● Provided data:
----

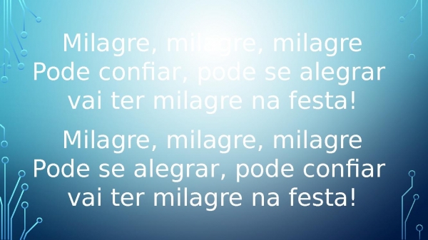 - Milagre, milagre, milagrePode confiar, pode se alegrar vai ter milagre na festa! Milagre, milagre, milagrePode se alegrar, pode confiar vai ter milagre na festa!
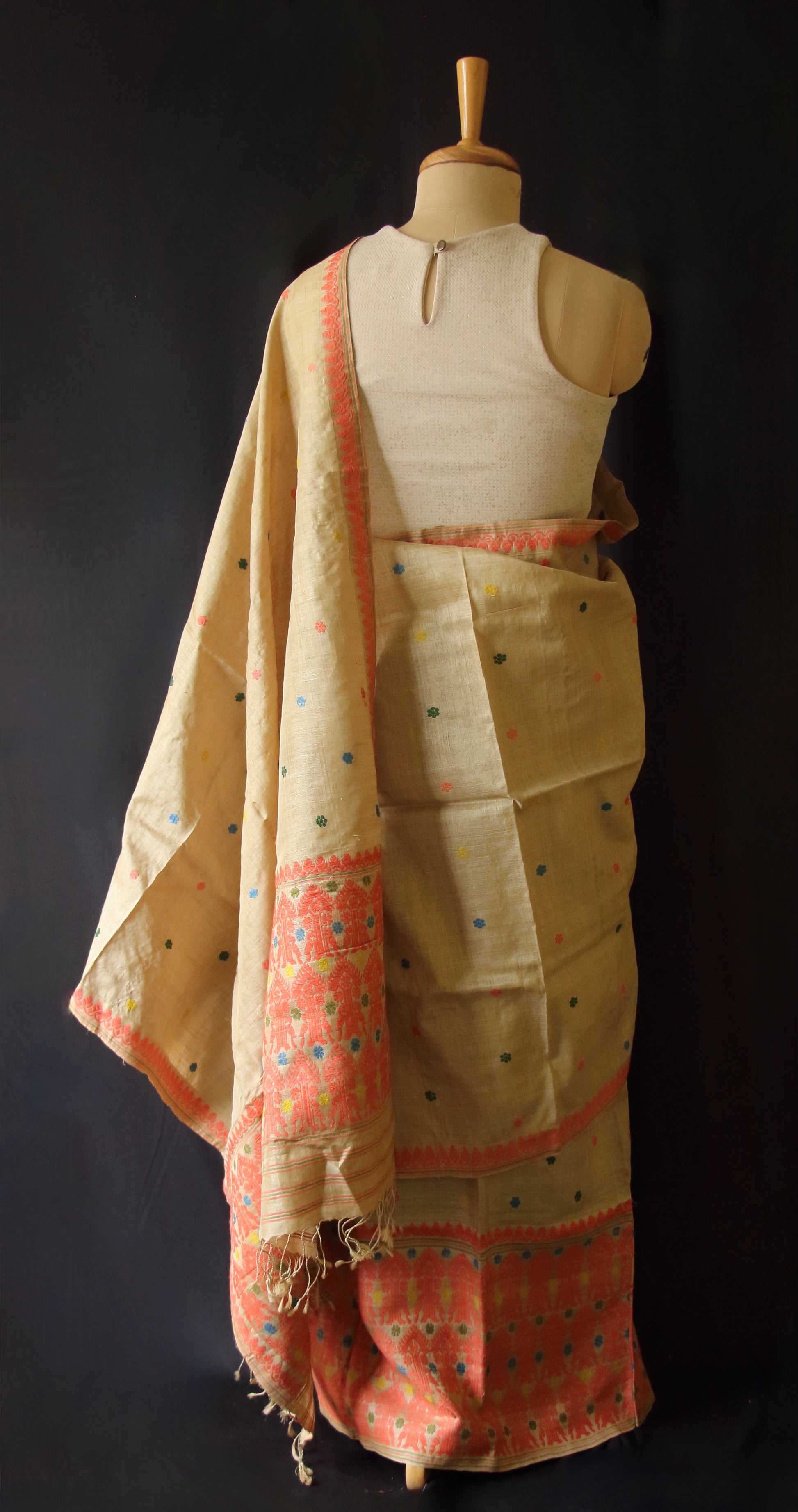 Authentic Muga Silk Mekhela Chador Set from Assam
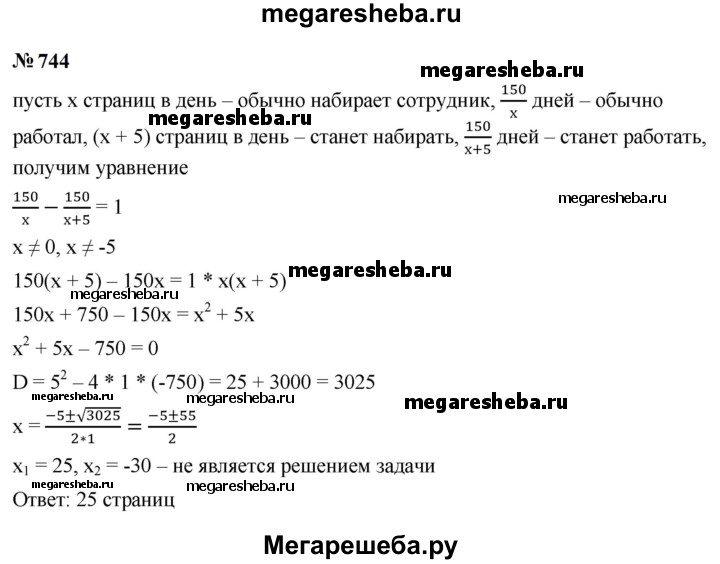 Подробный решебник (ГДЗ) по Алгебре за 9 (девятый) класс - готовый ответ номер - 744. Авторы учебника: Макарычев, Миндюк, Нешков, Суворова, Базовый уровень. Издательство: Просвещение 2015-2024.
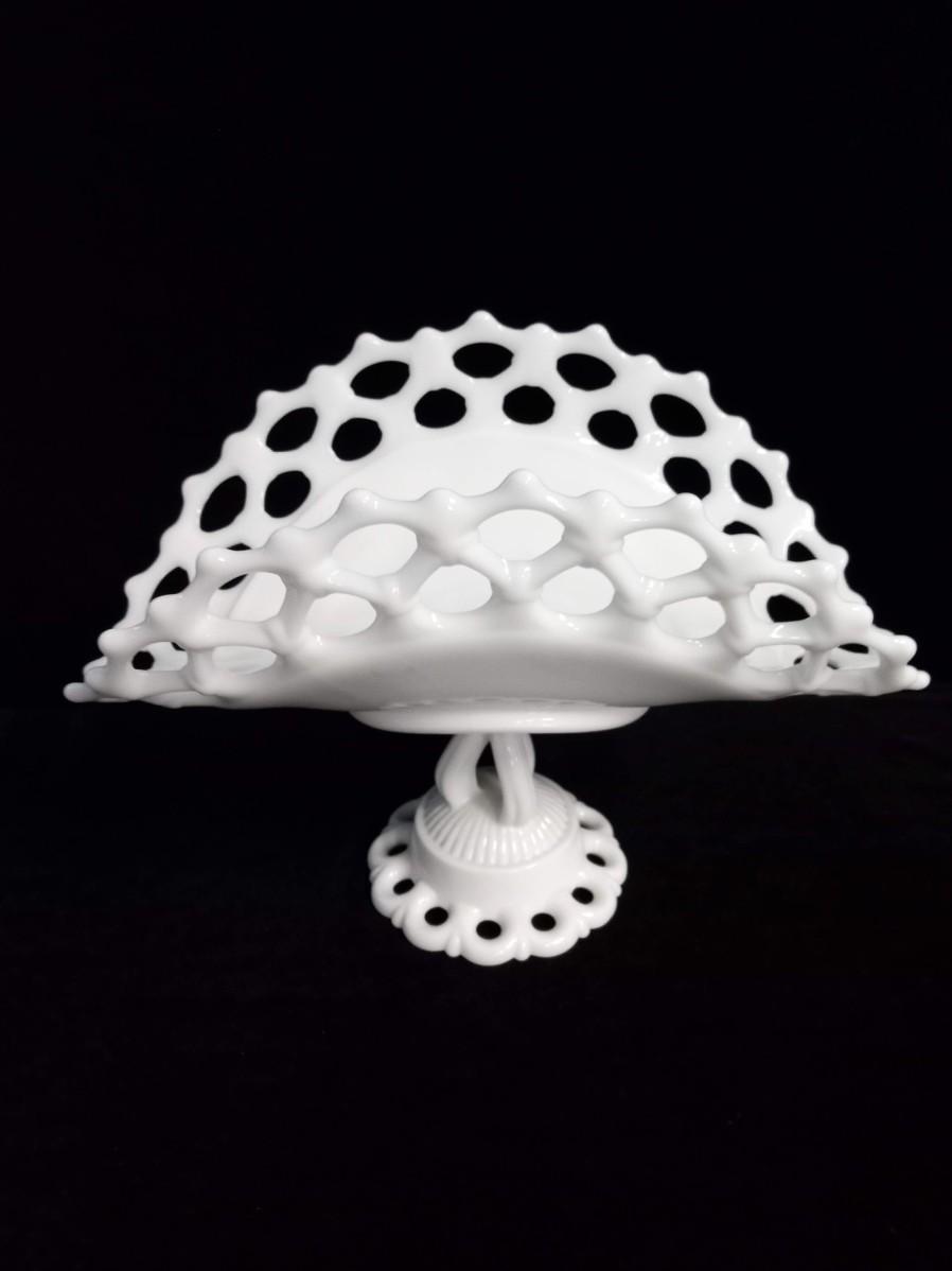 11" WESTMORELAND MILK GLASS PEDESTAL FRUIT BOWL

----

● Problem details:
The reply should consist of the listing restated word for word, with its pictures removed.

● Task response:
 - Milagre, milagre, milagrePode confiar, pode se alegrar vai ter milagre na festa! Milagre, milagre, milagrePode se alegrar, pode confiar vai ter milagre na festa!
 Authentic Muga Silk Mekhela Chador Set from Assam
 Подробный решебник (ГДЗ) по Алгебре за 9 (девятый) класс - готовый ответ номер - 744. Авторы учебника: Макарычев, Миндюк, Нешков, Суворова, Базовый уровень. Издательство: Просвещение 2015-2024.
 11" WESTMORELAND MILK GLASS PEDESTAL FRUIT BOWL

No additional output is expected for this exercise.